[[ ENTRIES SUPPLIED open ]]

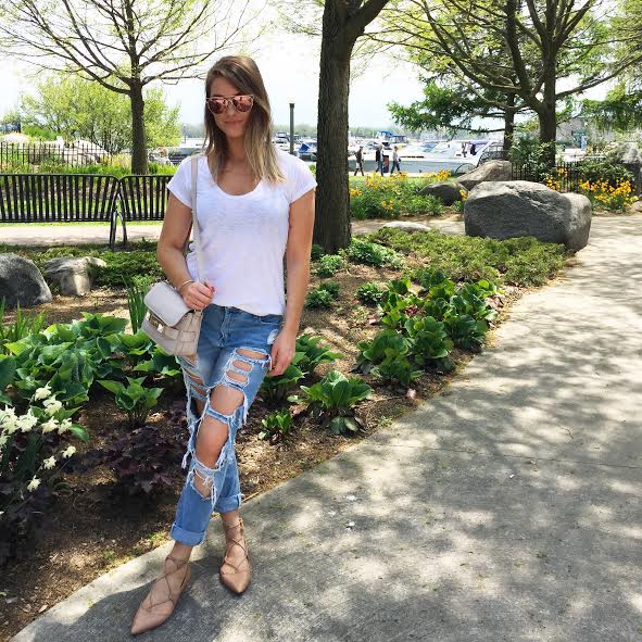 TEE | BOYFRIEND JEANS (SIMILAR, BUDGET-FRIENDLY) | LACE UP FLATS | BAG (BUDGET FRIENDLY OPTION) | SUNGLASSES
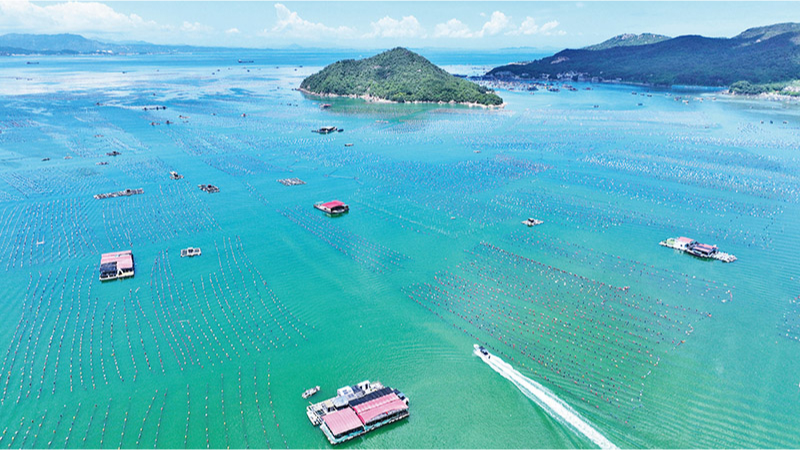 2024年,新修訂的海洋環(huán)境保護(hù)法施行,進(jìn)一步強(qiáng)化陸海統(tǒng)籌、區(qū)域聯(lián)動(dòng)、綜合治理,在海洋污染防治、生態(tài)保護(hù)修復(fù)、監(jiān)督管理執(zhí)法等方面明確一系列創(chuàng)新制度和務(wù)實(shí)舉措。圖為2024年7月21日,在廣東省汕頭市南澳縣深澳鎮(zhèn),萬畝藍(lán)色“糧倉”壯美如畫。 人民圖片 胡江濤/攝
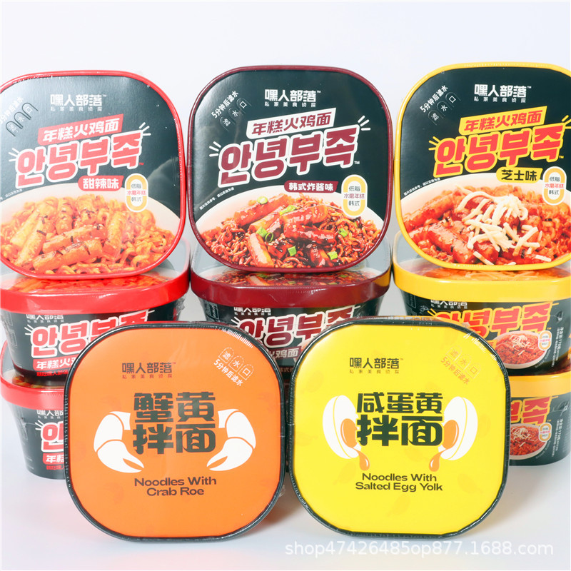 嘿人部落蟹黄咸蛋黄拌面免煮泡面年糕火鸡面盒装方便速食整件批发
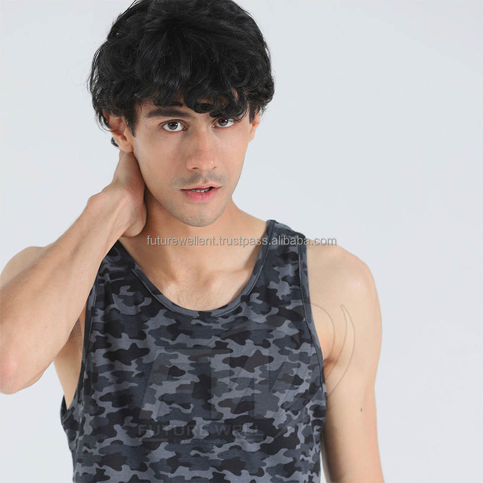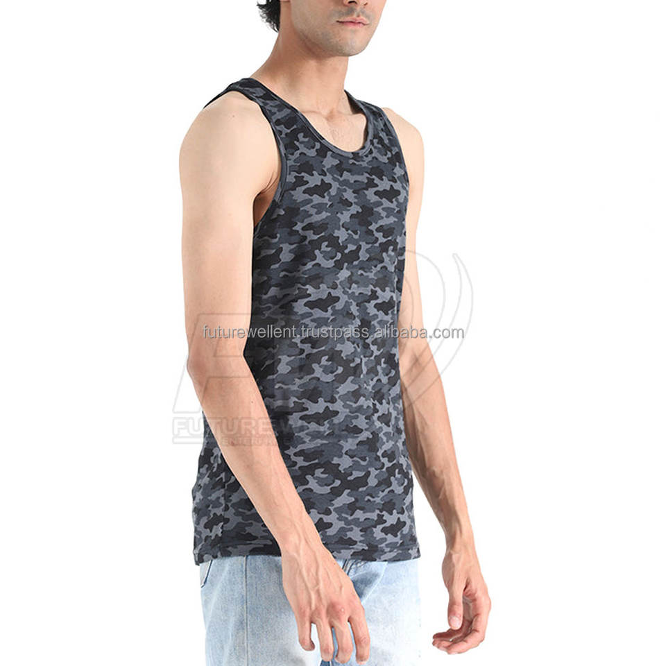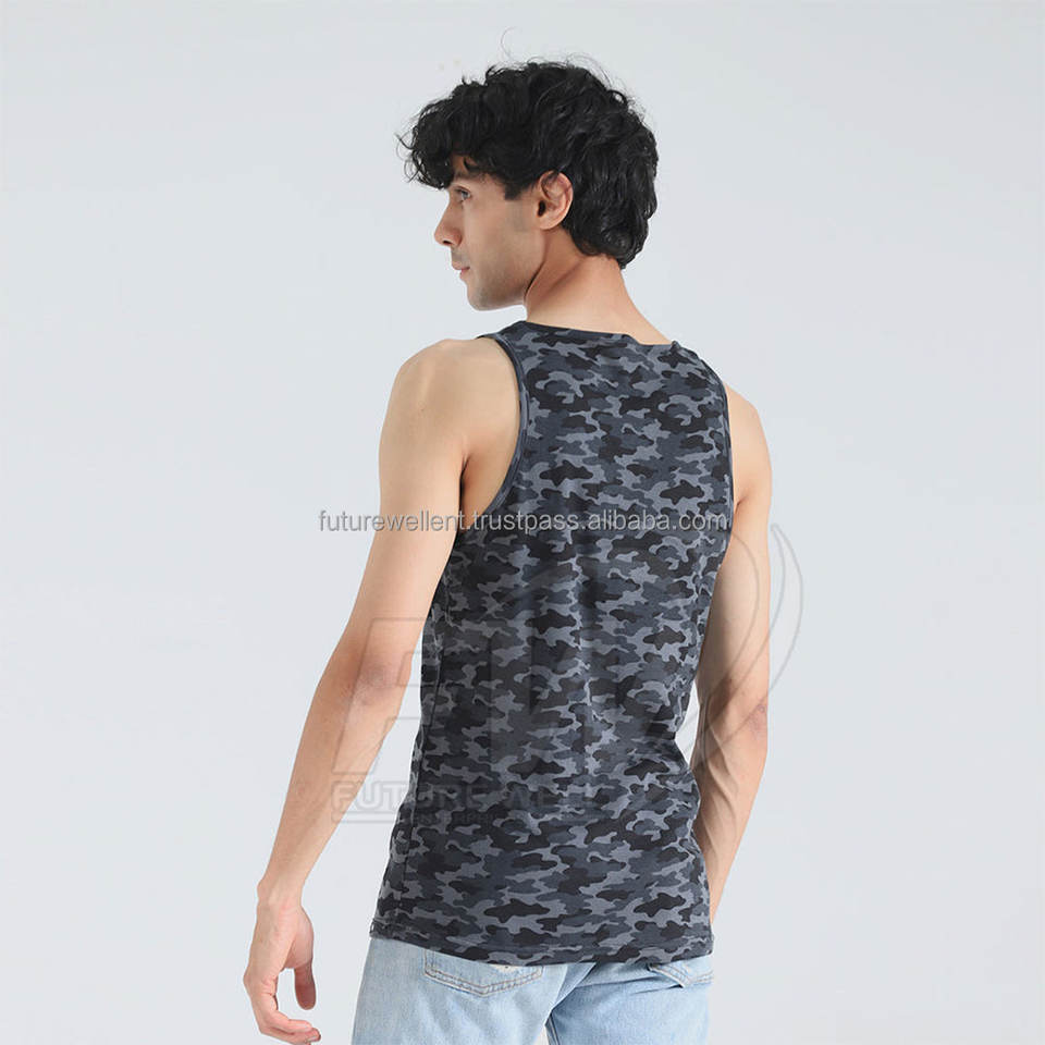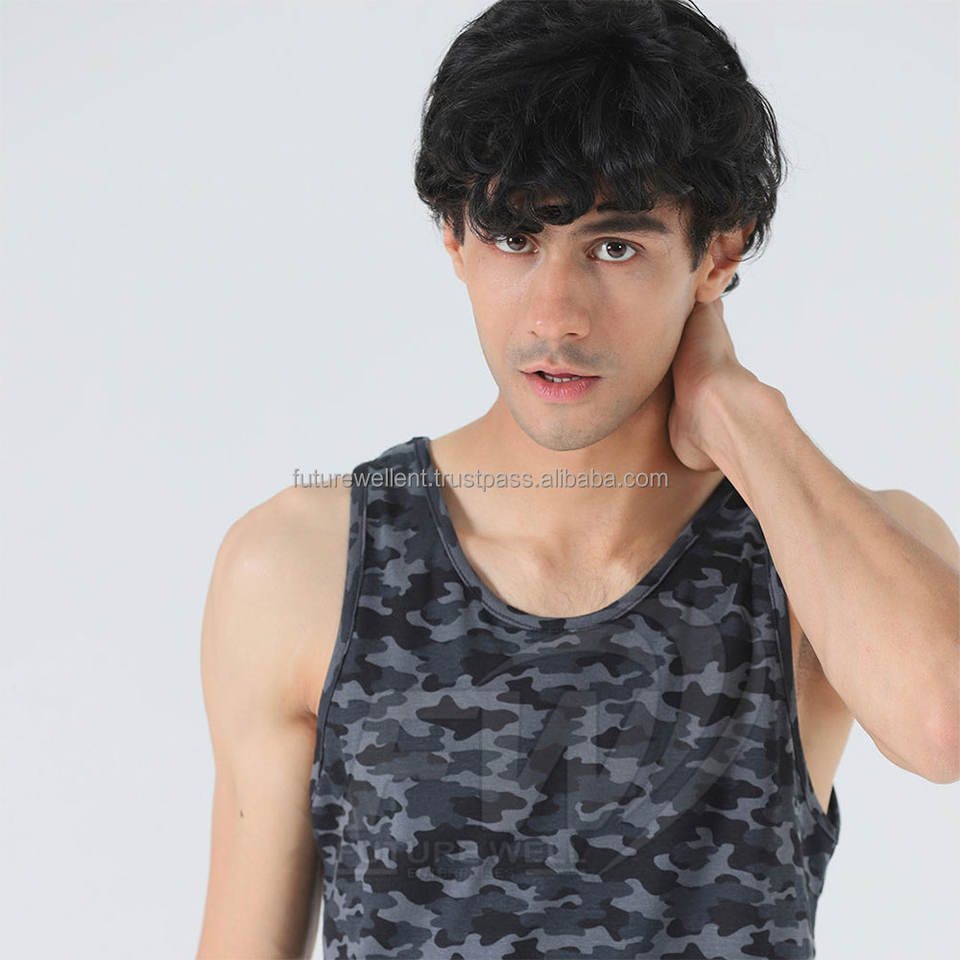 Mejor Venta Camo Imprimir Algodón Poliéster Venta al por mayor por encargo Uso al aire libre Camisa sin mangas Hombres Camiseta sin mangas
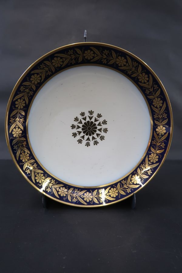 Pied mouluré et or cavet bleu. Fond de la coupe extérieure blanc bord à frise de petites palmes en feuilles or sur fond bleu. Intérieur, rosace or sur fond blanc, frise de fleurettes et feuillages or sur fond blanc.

[[ ENTRIES SUPPLIED closed ]]

• AIM OF THE EXERCISE
Each entry above must be printed exactly, apart from its pictures.

• PROBLEM SOLUTION
 TEE | BOYFRIEND JEANS (SIMILAR, BUDGET-FRIENDLY) | LACE UP FLATS | BAG (BUDGET FRIENDLY OPTION) | SUNGLASSES
 2024年,新修訂的海洋環(huán)境保護(hù)法施行,進(jìn)一步強(qiáng)化陸海統(tǒng)籌、區(qū)域聯(lián)動(dòng)、綜合治理,在海洋污染防治、生態(tài)保護(hù)修復(fù)、監(jiān)督管理執(zhí)法等方面明確一系列創(chuàng)新制度和務(wù)實(shí)舉措。圖為2024年7月21日,在廣東省汕頭市南澳縣深澳鎮(zhèn),萬畝藍(lán)色“糧倉”壯美如畫。 人民圖片 胡江濤/攝
 嘿人部落蟹黄咸蛋黄拌面免煮泡面年糕火鸡面盒装方便速食整件批发
 Mejor Venta Camo Imprimir Algodón Poliéster Venta al por mayor por encargo Uso al aire libre Camisa sin mangas Hombres Camiseta sin mangas
 Pied mouluré et or cavet bleu. Fond de la coupe extérieure blanc bord à frise de petites palmes en feuilles or sur fond bleu. Intérieur, rosace or sur fond blanc, frise de fleurettes et feuillages or sur fond blanc.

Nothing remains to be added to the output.